Showing posts with label procrastinating. Show all posts
Showing posts with label procrastinating. Show all posts

Tuesday, 26 July 2011

Camp NaNo: Days 23 - 26

Okay, so now I can't even manage my blog. Fricken hell!

Wordcount: 38028.

ARGHHH!!! I hate school sometimes!! Interfering with my writing!!... In any case, I managed to do 2,000-ish words last night - go me! I still am about 3-4000 words behind! I've really gotta step it up.

(How the hell was this so relatively easy last November!?)

This is Shi, with this expression: O.o

Saturday, 23 July 2011

Camp NaNo: Days 18 - 23

Well, I didn't update every day like I wanted to. The reason is, schools started again. In a fit of depression, angst and procrastination by sleep, I didn't write anything. My wordcount has stagnated at: 33149

Now, guess who is behind?? That's right!! Me!

So I'm going to try to catch up over the weekend, and study, and do all my homework, and clean my room, and learn a new song on guitar for a performance in 2 weeks.

This is Shi, deciding to engage in a liiiittle bit of procrastination...

Tuesday, 5 July 2011

Camp NaNo: Day 4

Okay, so I kinda forgot to post yesterday because I went to bed early-ish. So this is what happened:

Word count: 5401

We're on school break for 2 weeks, which is awesome for writing/Camp NaNo,  but also means that I wanted to dye my hair. We have rules about colours at school, so on holidays I go crazy to make up for it. Anyway, being out of lift and peroxide, my sister and I headed to the local shopping centre via public transport to pick some up. The buses and trains make it quite a long trip, I must say, but we successfully returned with all products.

We did a little bit of writing, fuelled by the lollies we also bought, and then we dyed our hairs. This took significantly longer than expected - I decided to do my roots as well, which I hadn't been planning on (good thing we got more of the stuff).

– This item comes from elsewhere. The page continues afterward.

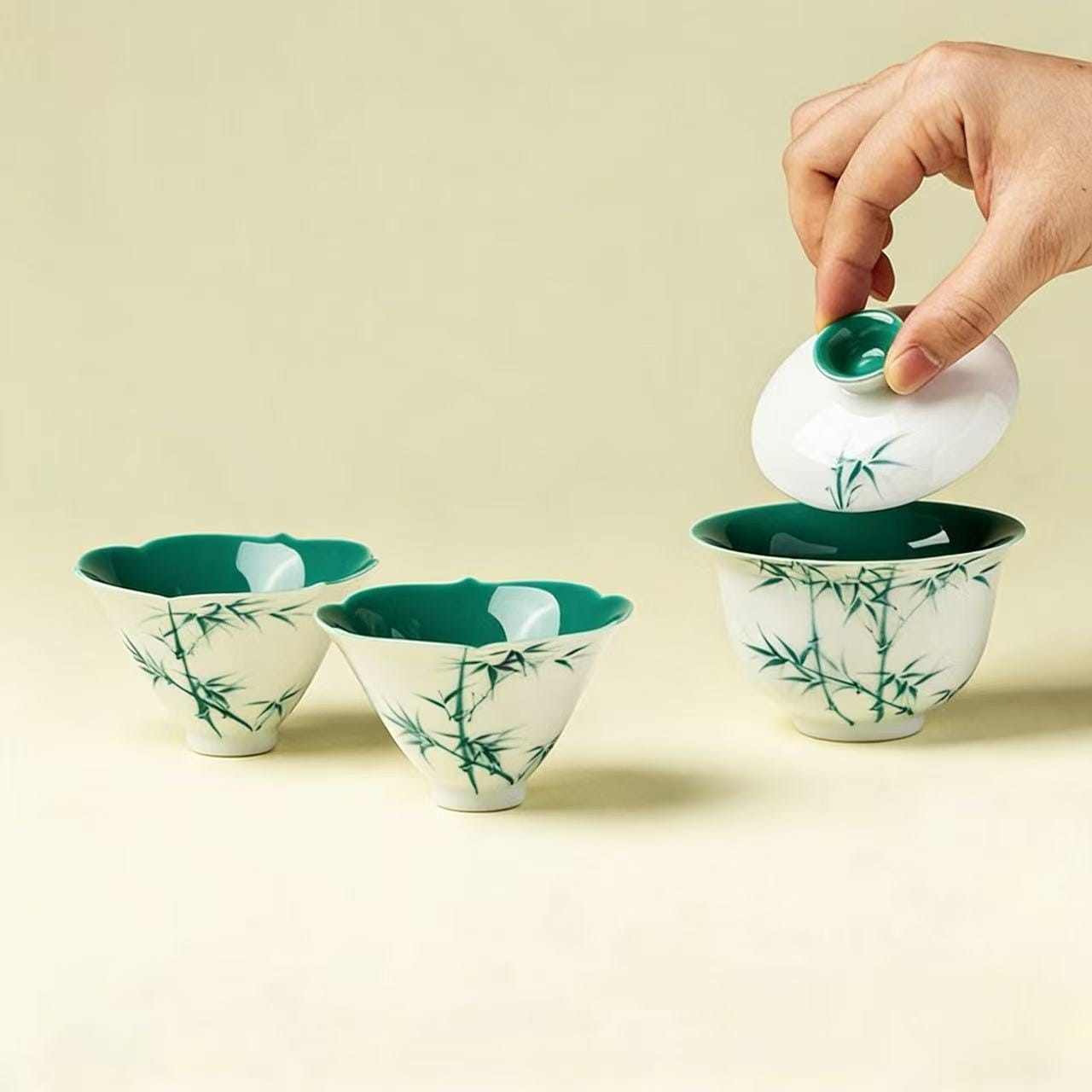 Hand Painted Bamboo Gaiwan Set – Exquisite 5-Piece Porcelain Collection for Gongfu

Main characters of Sekai-Ichi:
Onodera Ritsu and Takano Masamune
And after that, my sister was in need of some cheering up, so we watched some Sekai-Ichi Hatsukoi, which is a great romantic comedy anime based on the manga of the same name by the author of  Junjou Romantica (which is also a great romantic comedy). The main story follows the editors and artists of the shoujo manga department of Marukawa Publishing, and their romances.  It's set in the same world Junjou, and Usagi-san even gets a cameo, which is awesome. I've always loved having characters from other series come in and out occasionally if possible. If I ever decided to write a story in the same universe as previously, that's what I'd do too.

But by the time we finished that, it was late so we went to bed. And now I'm behind on my wordcount! I've gotta get my arse into gear and just write more.

And more and more, dammit.

This is Shi, going off to write more (and more and more).

Saturday, 14 May 2011

... who dreads November

I'm procrastinating.

It might seem silly, but there's a very good reason why I am. There's a pile, a huge mountain of homework stacked up on my desk, in my bag and on my USB keys and emails. I don't want to do it.

There are also little red notes, written into my school diary, proclaiming days and nights of nervousness. SAC days. Days of doing SACs. And I don't want to do them either.

So really, I should be doing my homework as practice for my upcoming, inevitable SACs. It makes sense to practice writing essays, and complete comprehension questions, applying my understanding to every little detail in the course outline so that when that SAC day comes, I know my stuff. It would be a breeze, right? Just go in, knowing my stuff, and complete everything in a 75 minute period. Done.

And because my head knows that, I'll stop procrastinating, and do my homework. I'll do all of it, or as much as I can, because I know how important my grades are and I really do care about doing well.

But just hearing teachers say that awful E-word just makes me dread November. "You have to know this for the exam", they say, or "this will probably be on the exam" or even, "this is how they separate the good kids from the great kids in the exams". Everything comes down to what you know on that day, with those white pages staring you in the face, and only you can decide how much you can pull yourself together, and just write the answers.

So I dread November. Not really because I feel like I won't know enough about my studies to do well on the exams, but rather because I'm wondering: what will I know afterwards? When I have to  go out into the world as an adult, will I be prepared? I always thought that highschool would prepare you for that, but now it seems we're being prepared for November, and that's all.

So what about December? And the next year after that? After I've relinquished the memorized theories, dates, names and terminology, what will I know that can help me in the real world? I really do wonder.

This is Shi, procrastinating just a little more.